Recorded data —
# # #

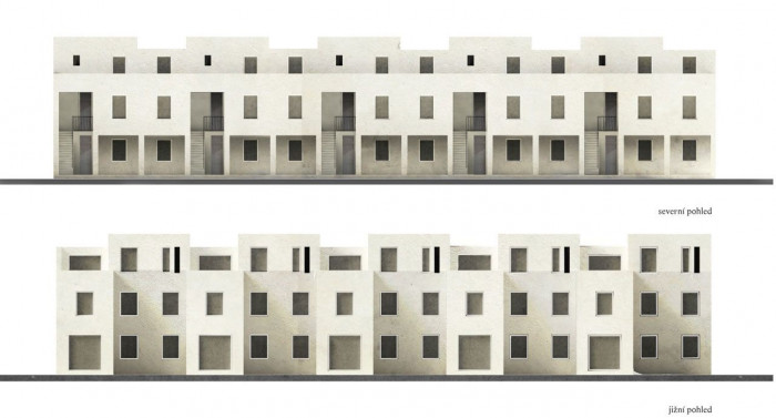 Bývalá továrna cívkárny v Hrádku nad Nisou na svou hlavní budovu let nabalila mnoho různých staveb a přístavků. Jedním z nich je i budova na jižní straně, která je dnes téměř prázdná a z části funguje jako autoopravna. Na jejím místě navrhuji bytový dům. Svou čelní – severní fasádou se pokorně obrací čelem k továrně, respektuje její vertikalitu a zároveň se pevně drží římsy. Před sebou si vytváří předprostor, který charakterem odpovídá vnitrobloku, může sem vstoupit kdokoliv, ale jen místní se zde budou cítit opravdu jako doma. Naopak jižní fasáda se rozbíjí směrem do soukromých zahrad na drobnější hmoty a vytváří tak zákoutí k posezení.
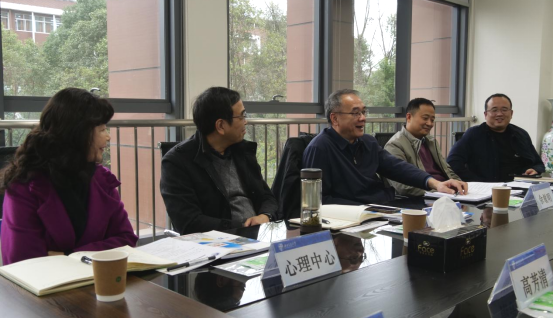 11月30日上午,学校党委副书记余敏明、党委学生工作部部长高平平、招生就业处处长陈岩峰、校团委书记张军琪、心理研究与咨询中心主任陈华一行莅临8827太阳集团官网调研指导工作。学院党委书记栗民,执行院长李翔宇,国家级教学名师龚晖,副院长高芳清、阚前华,副书记孔祥彬,青年人才代表刘虎,办公室主任刘青,学生工作组副组长杨婧,专职组织员梁碧波参加会议。栗民主持会议。
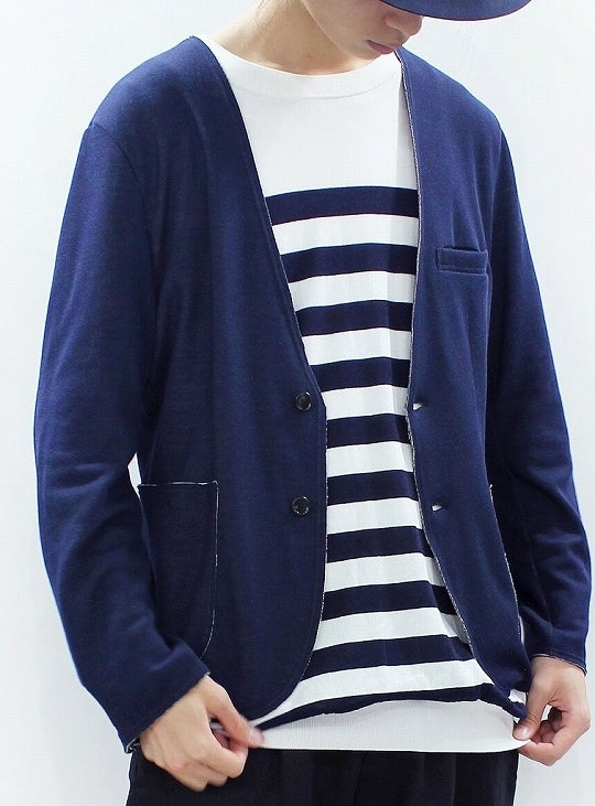 ノーカラーのテーラード。
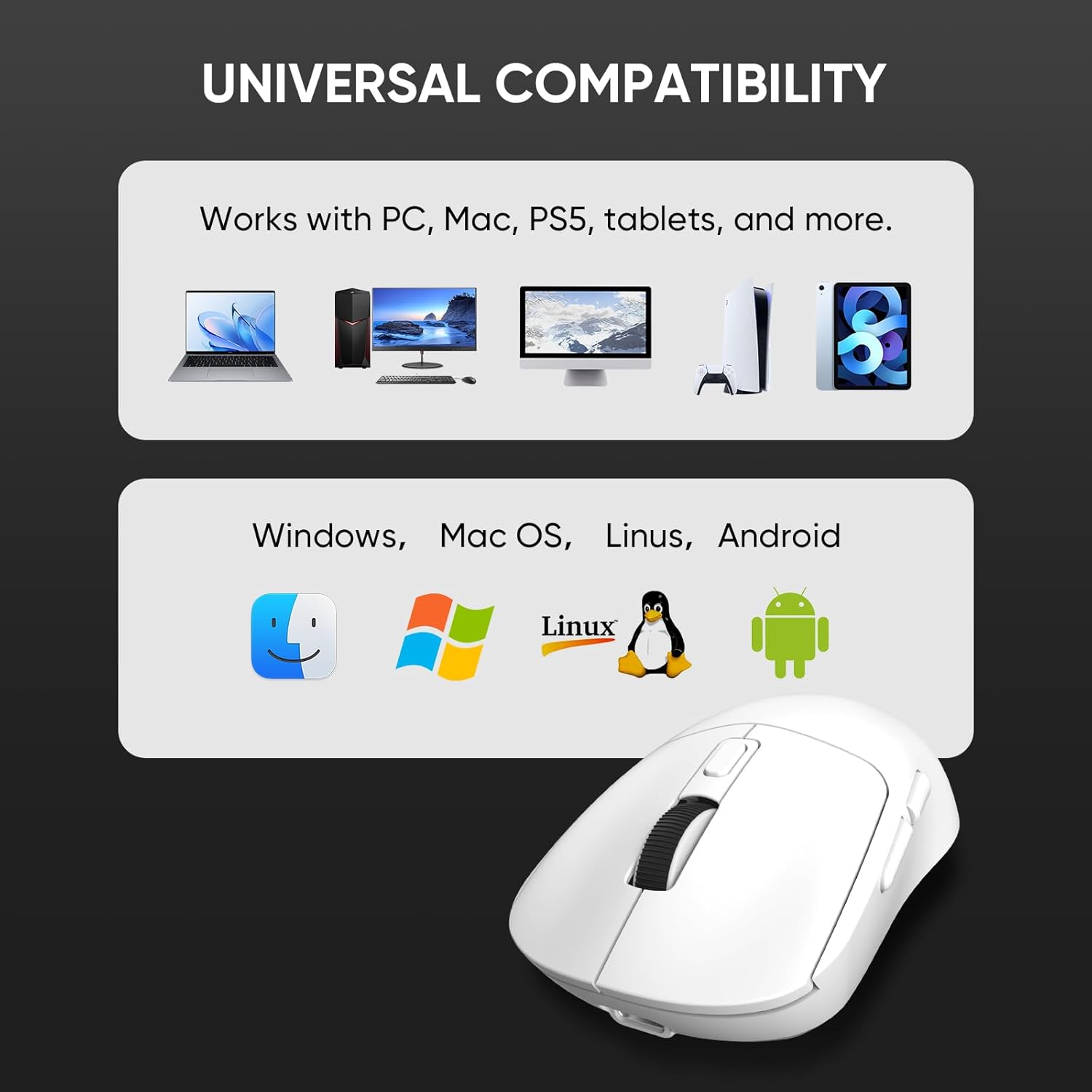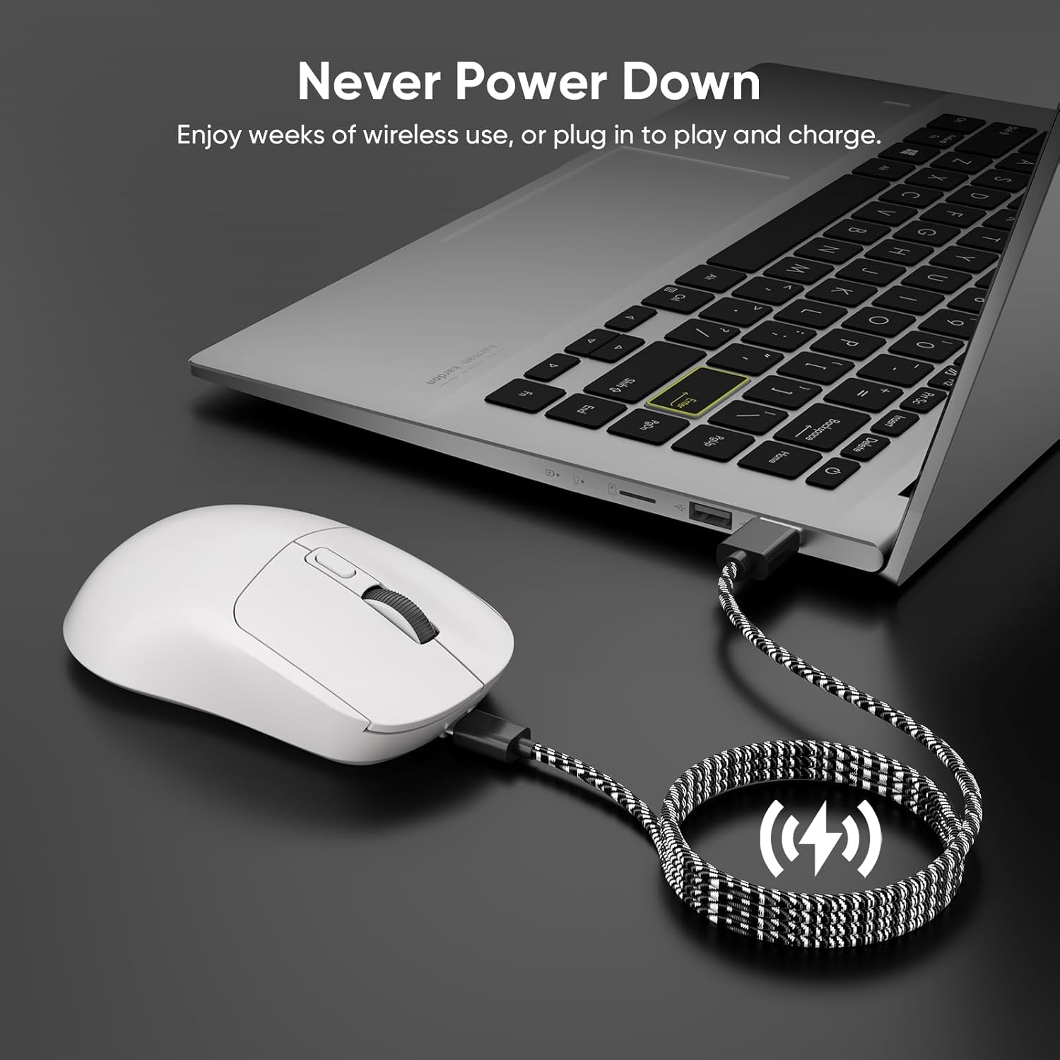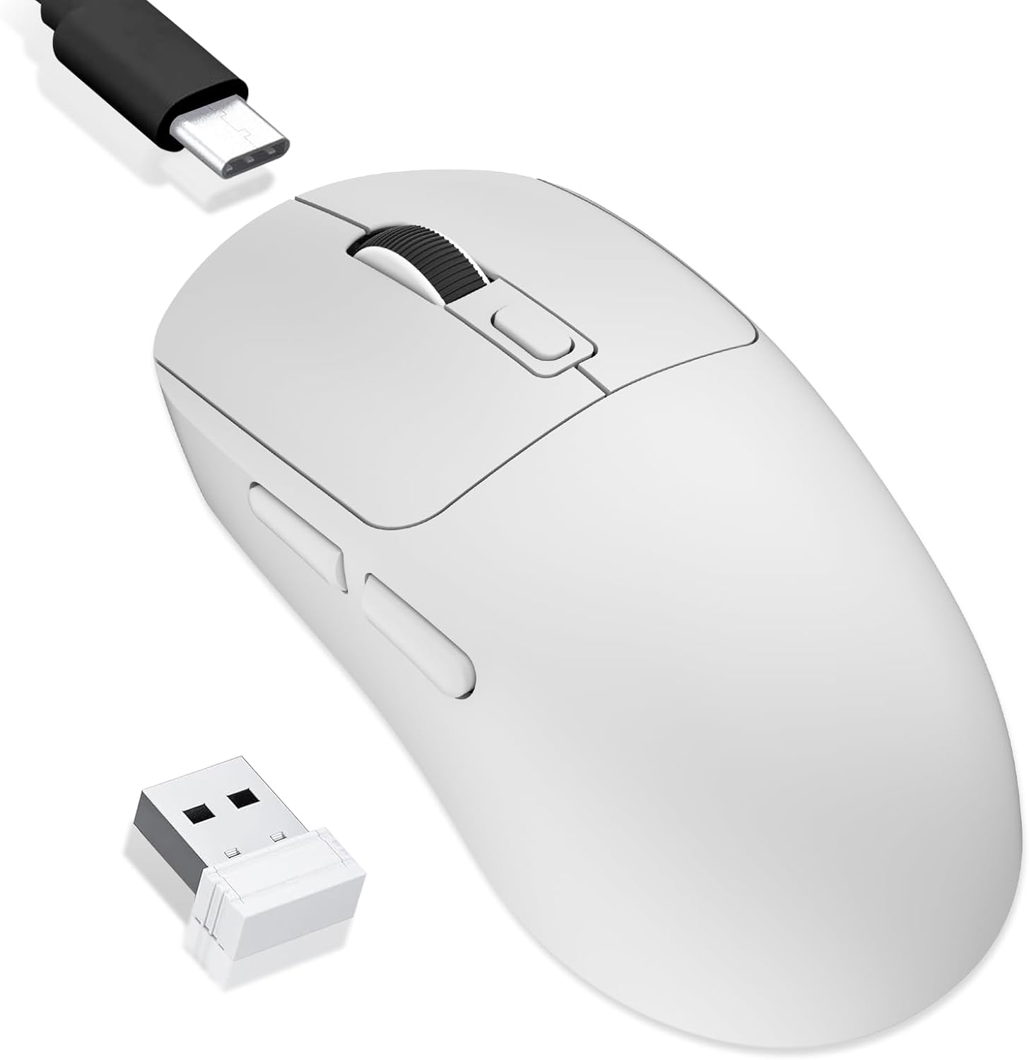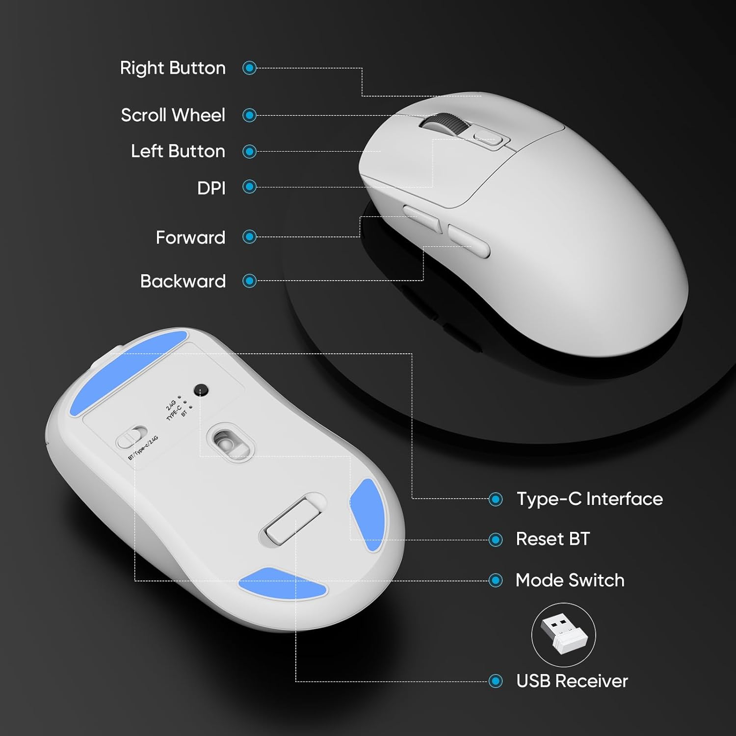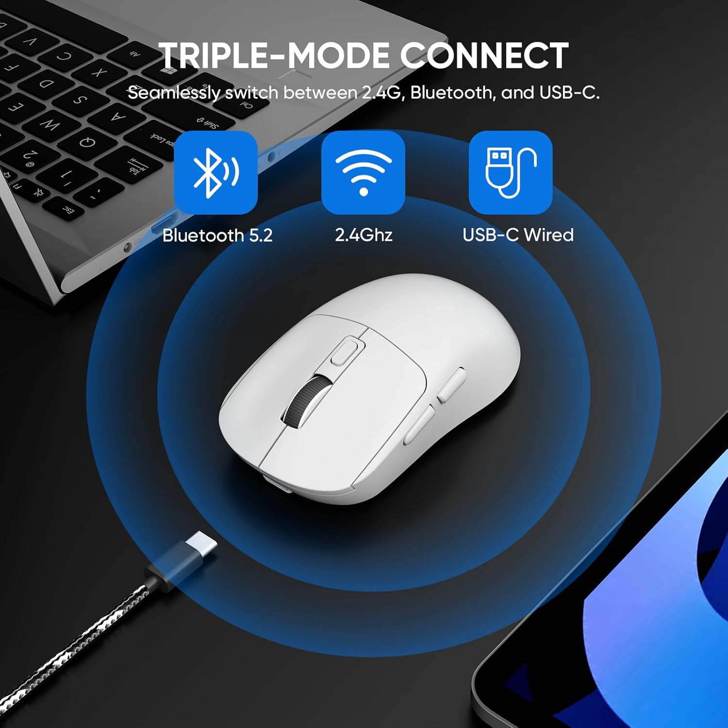 MELOGAGA Wireless Gaming Mouse, 2.4G/Bluetooth 5.4/USB-C 3-Mode Wired/Cordless Game Mice with 8 Adjustable DPI, Ergonomic Rechargeable Computer Mouse for PC, Mac, PS5, Tablet -White

# # #

Brief — In the copy you return, include exactly the lines from the one containing "11月30日上午,学校党委副" through the final line of the listing, and no pictures.

Response area —
 11月30日上午,学校党委副书记余敏明、党委学生工作部部长高平平、招生就业处处长陈岩峰、校团委书记张军琪、心理研究与咨询中心主任陈华一行莅临8827太阳集团官网调研指导工作。学院党委书记栗民,执行院长李翔宇,国家级教学名师龚晖,副院长高芳清、阚前华,副书记孔祥彬,青年人才代表刘虎,办公室主任刘青,学生工作组副组长杨婧,专职组织员梁碧波参加会议。栗民主持会议。
 ノーカラーのテーラード。
 MELOGAGA Wireless Gaming Mouse, 2.4G/Bluetooth 5.4/USB-C 3-Mode Wired/Cordless Game Mice with 8 Adjustable DPI, Ergonomic Rechargeable Computer Mouse for PC, Mac, PS5, Tablet -White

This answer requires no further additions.